Les courants les plus racistes de l’anthropologie ou d'anthropomorphisme ont statué sur l’infériorité des races non blanches, notamment sur leur incapacité d'être bons à l’école. Simple délire colonial nous sommes tous d’accord, aucune réalité tangible n’est rapportable à cette idée. Cependant cette prédiction a eu un effet très néfaste tout d’abord sur la psychologie sociale de la communauté mais aussi sur l’école dans certaines zones. Partant du principes que dans ces zones l’enseignement était plus difficile, de moins en moins de moyens ont été déployés dans ces écoles. Jusqu’au moment où la population, du fait des moyens amoindri de l’école, a fini par devenir réellement moins performante au niveau scolaire, c’est ce qu’on appelle la prédiction réalisatrice ou la prophétie autoréalisatrice.

La prophétie d’homo déus

Harari dans son livre, décrit un avenir purement dystopique à bien des égards. Non loin de l’alarmisme de personnage galvanisant comme Laurent Alexandre, son discours est tranchant. Réfléchi, certes plausible et possible mais qui pose le problème de venir se positionner en prédiction dystopienne. Ce qui, une fois le concept de prédiction réalisatrice intériorisé, peut partir d’un simple opinion pour se transformer en un courant de pensée global très vite. A partir de ce moment, le courant de pensée peut être assez important pour avoir une incidence majeure sur le réel. Bien heureusement cela ne se produit pas pour toutes les visions dystopiques sortant de tous les esprits. Le souci est que l’idée a été largement admise au niveau global du fait du succès de ce livre et de la légitimité récente que Harari a obtenu à travers son précédent livre “sapiens”. Cette légitimité, associée à un succès mondial, a créé un phénomène médiatique de “gourouisation” de Harari et de ses idées. Qui disons le nous, sont très floues par moment dans chacun de ces deux livres. Nombreux sont les lecteurs qui ont pris ces idées pour argent comptant, quand beaucoup d’entre elles relèvent simplement d’une interprétation de l’histoire ou décrivent des moments anecdotiques. Cela reste une excellente lecture, mais il est important de conserver en tête le caractère non-absolu de ces affirmations.

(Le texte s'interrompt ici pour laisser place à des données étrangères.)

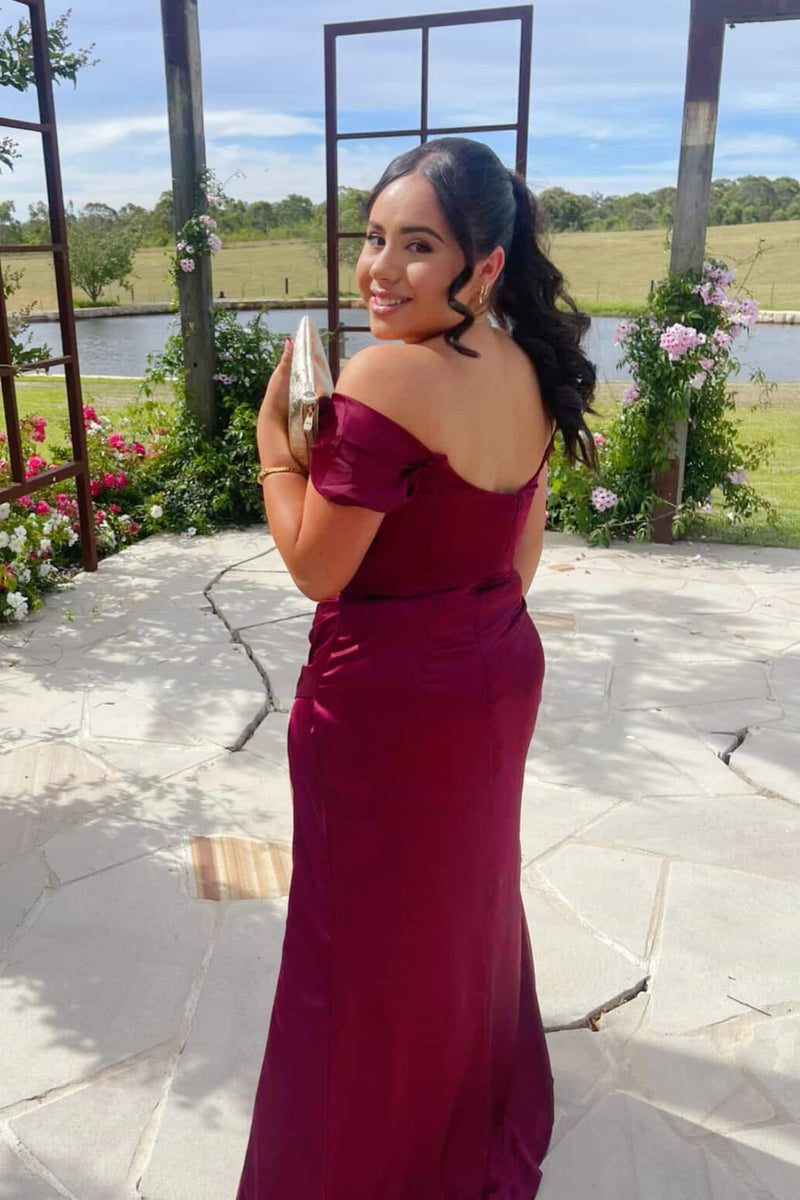 Burgundy Off-the-shoulder Side Slit Long Dress

Le risque est que trop de gens considèrent de fait les prédictions de Harari comme probables et inévitables, ce qui aurait pour effet de renforcer l'avènement d’une “aristocratie de l’intelligence” comme décrite dans Homo Deus. Le constat d'Harari est le suivant, dans les décennies à venir, du fait de la possibilité avec le transhumanisme d’améliorer nos  capacités cognitives (ce qui reste tout de même plus intéressant qu’une simple augmentation des capacités physiques), une aristocratie de l’intelligence risque de se créer, car bien sur les classes moyennes et populaires ont très peu de chances de s’augmenter par la technologie.

La vraie question est de se demander si cette aristocratie usera de son pouvoir quasi démiurgique pour améliorer la vie du plus grand nombre ou d'améliorer leur propre vie au détriment des autres. Avec une idéologie dominante étant le capitalisme et l’individualisme et en regardant la psychologie actuelle de nos sociétés, il y a du souci à se faire.

L’arbre des possibles

Cela ne fait partie que d’un des futurs possible, certainement pas le meilleur mais pas le pire non plus. L’important est de ne pas accepter ce futur avant l’heure afin de ne pas rentrer dans le processus de prophétie autoréalisatrice que nous avons évoqué plus haut. Il est largement évitable et se base même sur l’existence de technologies qui sont théoriquement viables mais qui n’existent pas encore réellement, un verrou technologique nous sépare encore de ce futur dystopique.